WordFood - how we feed or starve our realtionships

- Julia Hubbel

Julia’s ability to get this group of type-A executives to engage in true networking was incredible. She is truly skilled at motivating the group to engage and interact with each other, and her openness and honesty really come through.

— Shelley Stewart, Jr.,
Senior Vice President of Operational Excellence and Chief Procurement Officer, Tyco

March 21, 2013

WordFood about Food

Filed under: Uncategorized — Tags: , , , , — Julia Hubbel @ 11:43 am

A client recently asked me to put together a program about weight loss. I had told her that 26 years ago I had let go of 80 pounds and kept it off. Because her Fortune 500 company got requests from their employees about this topic all the time, I agreed. It was the beginning of a very important journey.

First of all, language is so important. The huge diet industry is $61 billion strong in America. I had spent much of my life up to my early thirties gaining and losing hundreds if not thousands of pounds. Like everyone else, my brain used the same language- lose the weight. What happens when you lose your keys, your purse, your wallet? The subconscious, which is a dutiful servant, sends its bloodhound out to find it, and it always does. With weight, not only does it find what you lost, but inevitably a few, or many, pounds more. Mission accomplished. Until the language changed, the cycle never changed. When I released it, it started to go permanently.

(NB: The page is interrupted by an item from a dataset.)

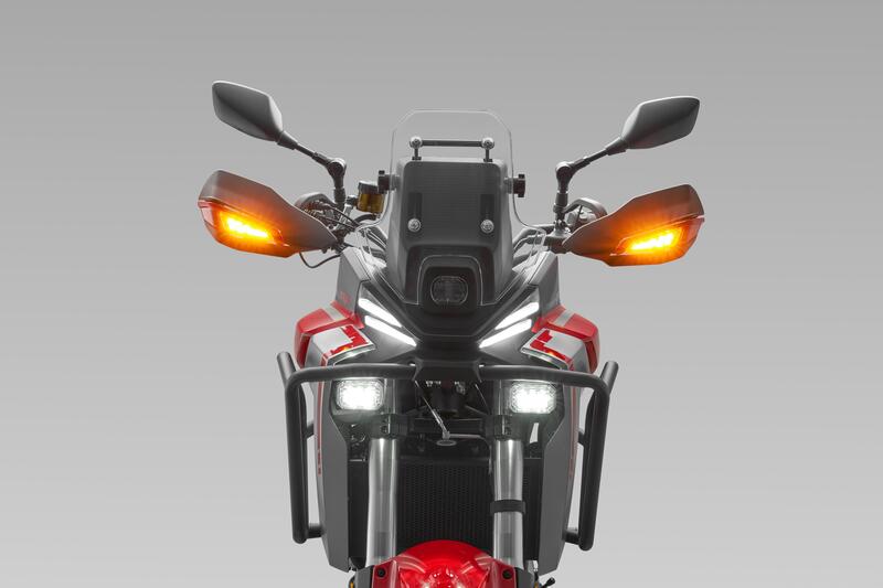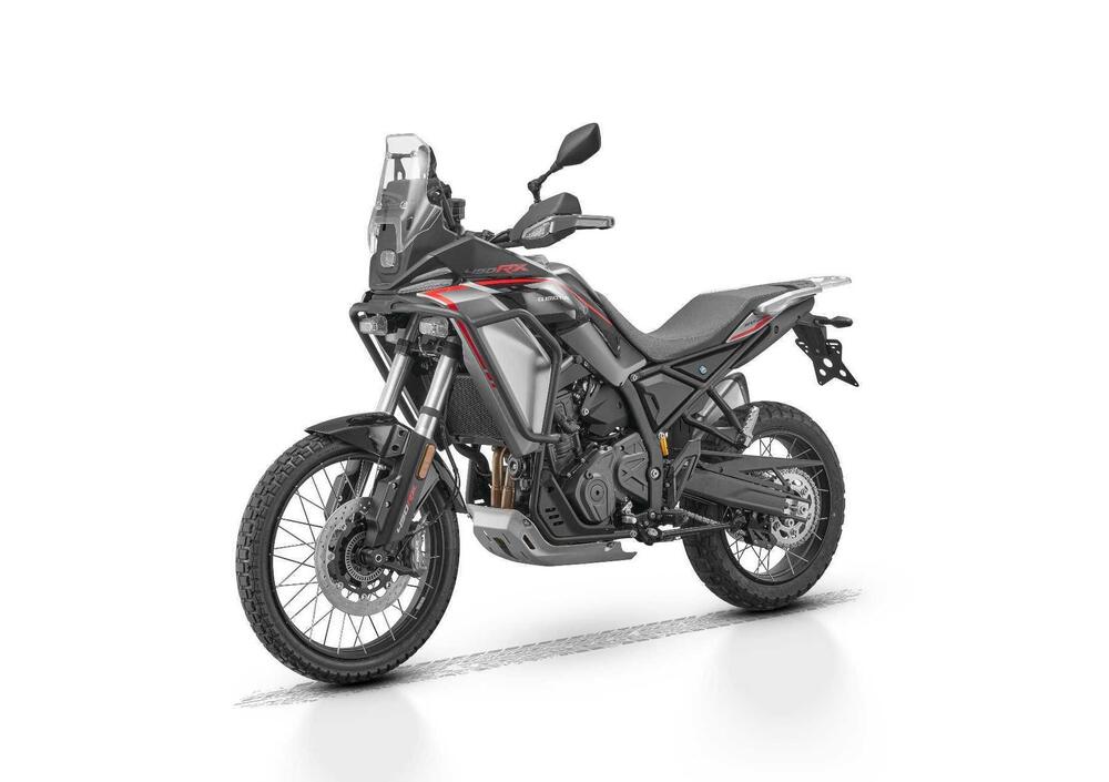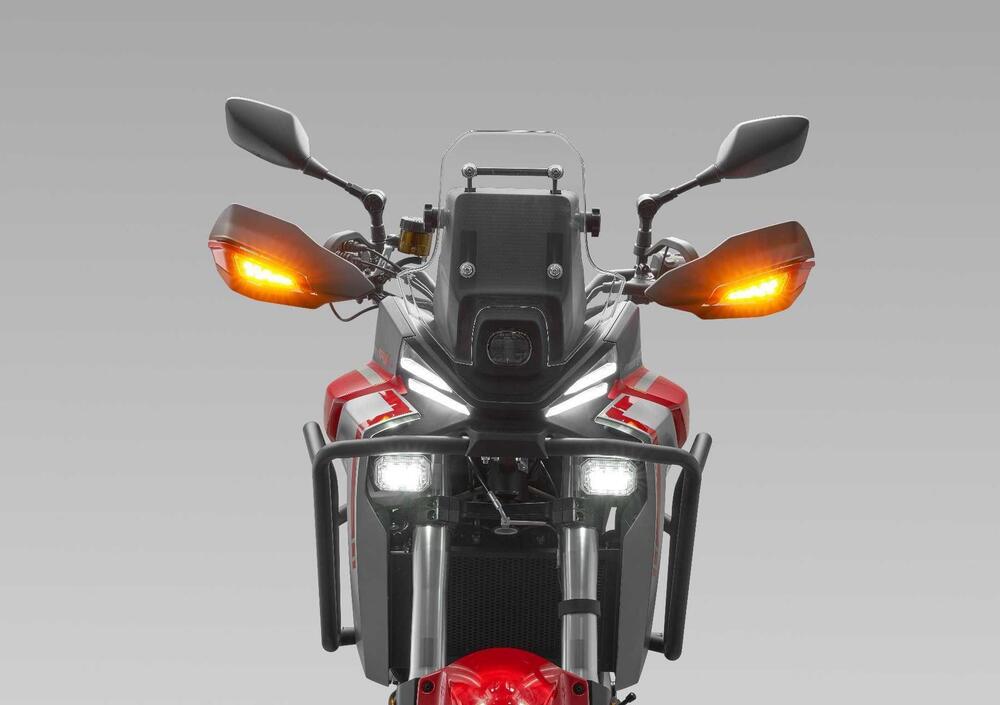 La nuova SRT 450 RX è stata pensata per essere accessibile a neofiti ma strizza l’occhio anche ai più esperti che cercano una moto facile, leggera e pronta a tutto. Il telaio è in acciaio tubolare, il forcellone è in alluminio, le ruote sono a raggi 21" all’anteriore e 18" al posteriore. Interessante la scelta dell’allestimento ciclistico che vede sospensioni Marzocchi a lunga escursione (regolabili e con escursione di 200mm). I freni sono firmati Brembo, davanti un monodisco da 320mm con pinza radiale, dietro disco singolo da 240mm; naturalmente ABS disinseribile al solo asse posteriore per praticare dell’off-road puro. Molto capiente il serbatoio, i suoi 18 litri di capacità uniti al consumo ridotto del motore garantiscono grandi percorrenze. Infine lo schermo TFT da 5" con Bluetooth mirroring per navigazione smartphone, full LED, manopole/sella riscaldabili, parabrezza regolabile. In optional, tris di valigie in alluminio a 500 euro.

As a compulsive eater, like many others in America, my habits derived from the conversation that began in early childhood. As Geneen Roth writes about in Women, Food and God, a Voice (a parent, an authority figure) tells you that you’re subhuman, or worse. And you adopt that Voice as adult. Because it’s painful, you want to dial it down, and to do so, you eat. A lot. Or you develop a compulsive habit.

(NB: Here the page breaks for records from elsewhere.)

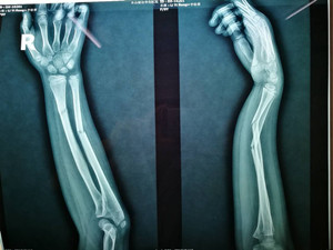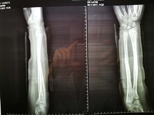 看到女兒彎曲畸形的前臂,心疼不已的爸爸媽媽連忙抱起小女孩奔入附近的東港某骨科醫(yī)院。X線片顯示:左尺、橈骨骨折,骨折嚴(yán)重移位。這時(shí),媽媽首先想到的廣安醫(yī)院正骨科虞杰主任。之前,她曾在廣安醫(yī)院正骨科就診,對(duì)正骨科醫(yī)護(hù)人員的服務(wù)態(tài)度、服務(wù)質(zhì)量及醫(yī)療技術(shù)非常信任。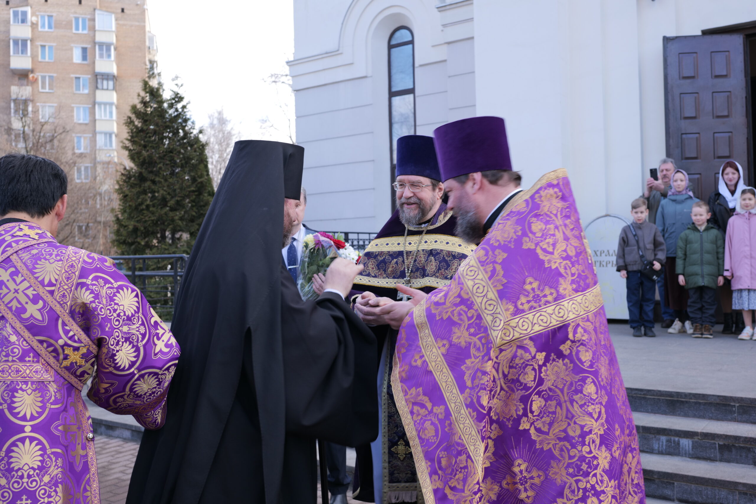 Его Высокопреосвященству сослужили: иерей Сергий Куксов, благочинный храмов Георгиевского округа Западного викариатства г. Москвы, протоиерей Андрей Смирнов, настоятель нашего храма, протоиерей Леонид Олейник, настоятель храма Смоленской иконы Божией Матери в Фили-Давыдкове, протоиерей Андрей Галухин, настоятель храма преподобного Андрея Рублева в Раменках, иерей Роман Граничников, и.о. настоятеля храма преподобной Ефросинии Полоцкой в Кунцеве; духовенство храма. Диаконский чин возглавил диакон Тимофей Рзянин.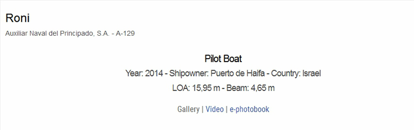 | 總長: | 15.95m | 船東: | Puerto de Haifa |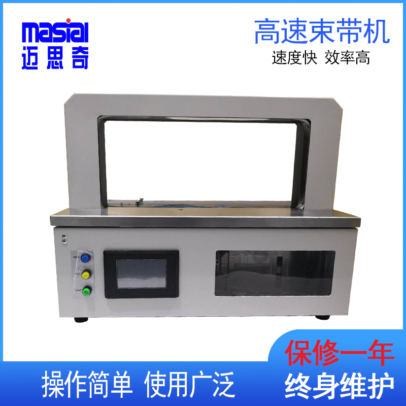 高速全自动束带机适用于制药、食品、印刷、金融、IT、日用化工等多种行业. 可以对纸盒进行联体捆扎, 也可对多片、多条、多根、多盒的较小的硬、软质制品实施成组捆扎.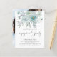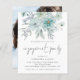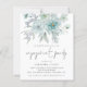 There are two paper options to choose from for this size (4.5 x 5.6”) in the Budget range. For this product, I would recommend the semi-gloss which is a 110 gsm card stock, similar in thickness to a postcard. The Satin option is a much thinner paper 80gsm. The default is set to semi-gloss. PLEASE NOTE there is ONE per sheet. Budget Teal White Sea Mist Florals Photo Engagement Party Invitation. An informal set typography in black for the main heading Engagement Party complementing the rest of the text which you can easily personalise. Reolace the sample photo on the back with your own.

It’s not about the weight, it was never about the weight. Fact is, you can diet yourself down to 99 pounds and the Voice is still there.

My process was much like the story of Monsters Inc., where the characters Mike and Sully end up helping the human child Boo deal with her scary monster Randall. Boo vanquishes her fear, and they all learn that her laughter is a much more potent power source than screams.

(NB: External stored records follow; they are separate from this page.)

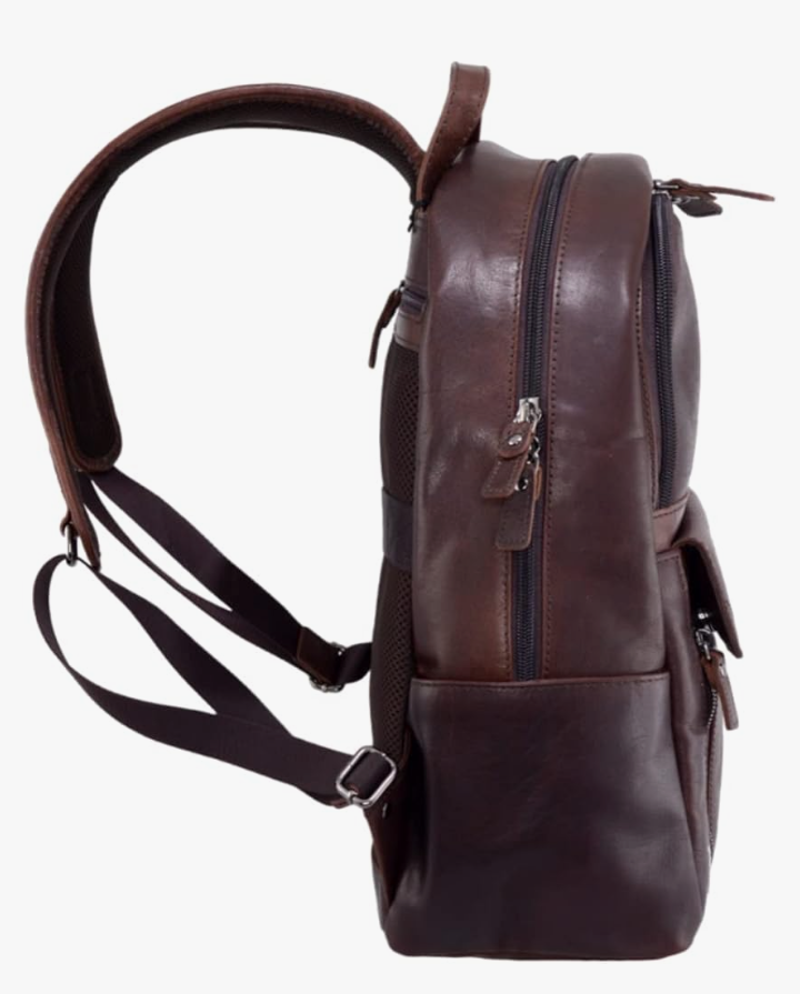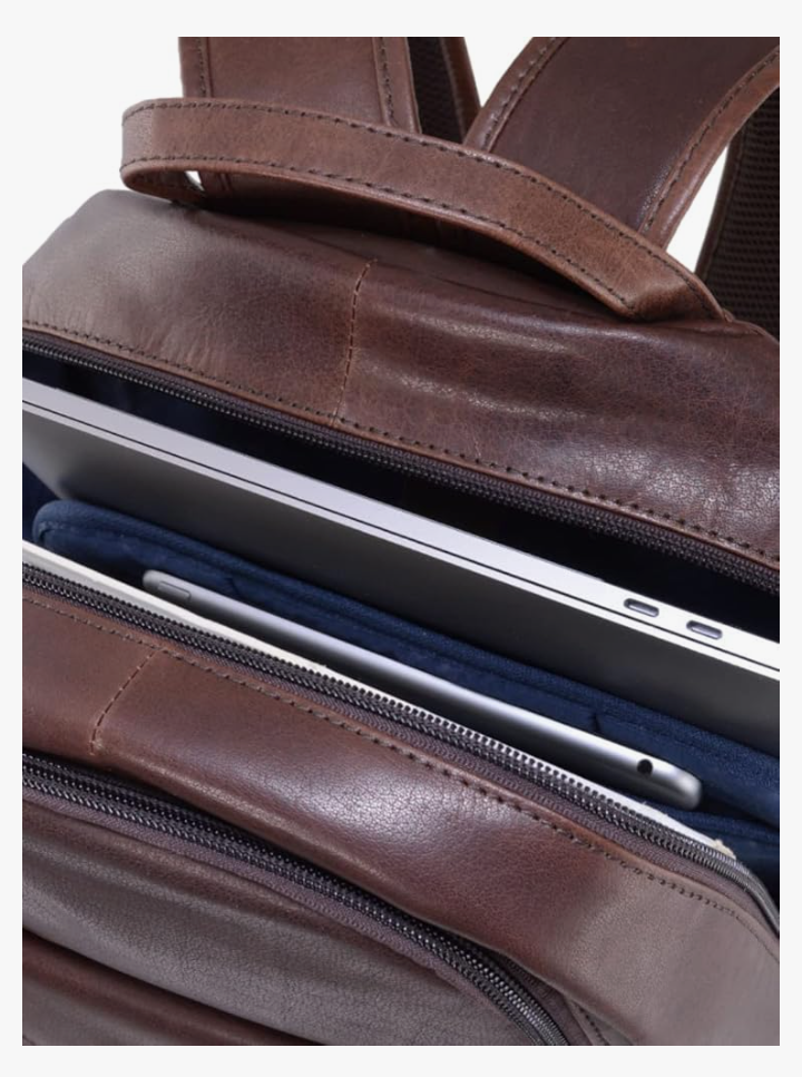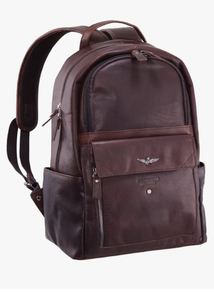 Zaino uomo in pelle Aeronautica Militare, interno in poliestere blu con logo e accessori color canna di fucile. La particolare lavorazione del pellame conferisce al prodotto un gusto affascinante ed intramontabile, tipico dello stile vintage. Lo zaino è dotato di porta PC da 13", porta Tablet, organizer interno e fasce posteriori per poterlo inserire su trolley in modo da poter viaggiare comodamente.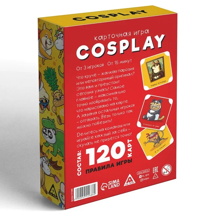 В этой игре вам предстоит заняться косплеем — то есть перевоплощаться в персонажей на карточках. Остальные участники должны отгадать, кого вы изображаете. Где жалкая пародия, а где неповторимый оригинал? Это и предстоит выяснить.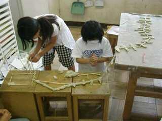 材料は、粘土、0.5~1cm程度の角材、籐、紙バンドなどです。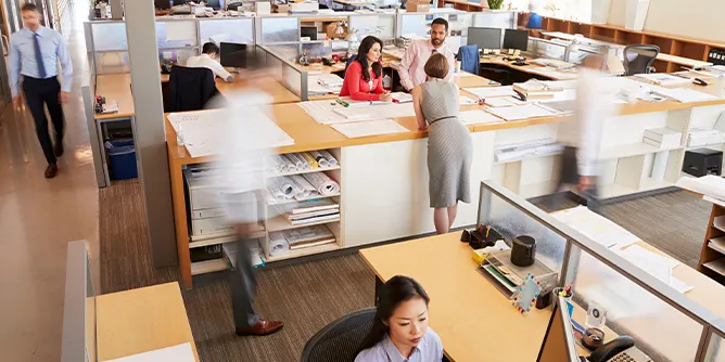 従業員が作業する際に十分に余裕のあるスペースがあること、またデスクや椅子、キャビネット、パーティションなどが使いやすいかどうかは、業務効率を上げるためのポイントです。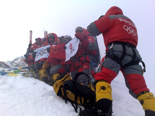 Chinese climbers hold the Olympic torch, the Olympic flag (L), the Chinese flag (C ) and the Beijing Olympics emblem at the peak of Mt. Qomolangma after the Olympic torch is lit at the peak of the mountain. The climbers carrying the Olympic torch stated to scale the peak at 3:00 am on Thursday morning and reached peak of 8848.43 meters around 9:17 am. [Xinhua]  for more photos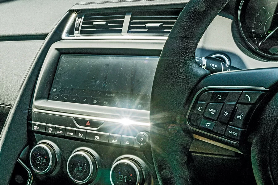 無論如何,開這部車記得常備黑超,金屬面的波棍座、屏幕附近的金屬飾邊,有時會把陽光反射並撲向司機的眼睛,不知是否英國陽光少令設計師一時忽略了。另一個反光位是顯示屏,那怕調到最光猛,但嚴重斜向天的擺放角度表示屏幕易患上白內障,迷朦一片,好就好在是啞面而非玻璃面,想打個指膜留為紀念並不容易。在沒有陽光的日子,即會見到無論中央顯示屏還是軚盤前的儀錶,以2019年的標準來講難說高清,Mercedes-Benz、BMW、Audi等最新的系統遠比它精緻細膩。不過講到實用性就非常高,司機前面的儀錶布局活像一隻烏龜,細心看看原來一切要知的資訊已經包羅其中。油耗、餘下航距、平均車速,有些車款要換頁才能看到,但E-Pace同一個畫面即能顯示,卻又不會令人眼花花。

A good comedian takes material from his own life- tragedy+ time=comedy. Like Boo, it was taking what was once scary and awful and seeing it in a completely different light. In my case I asked what Robin Williams would do with this situation. In most cases I nearly fell on the floor. With laughter came healing- and the ability to redirect that powerful energy around food into positive projects.

It’s not about the weight. It never was about the weight. It’s about being able to face the fears that we all have and say to them, “Kitty!”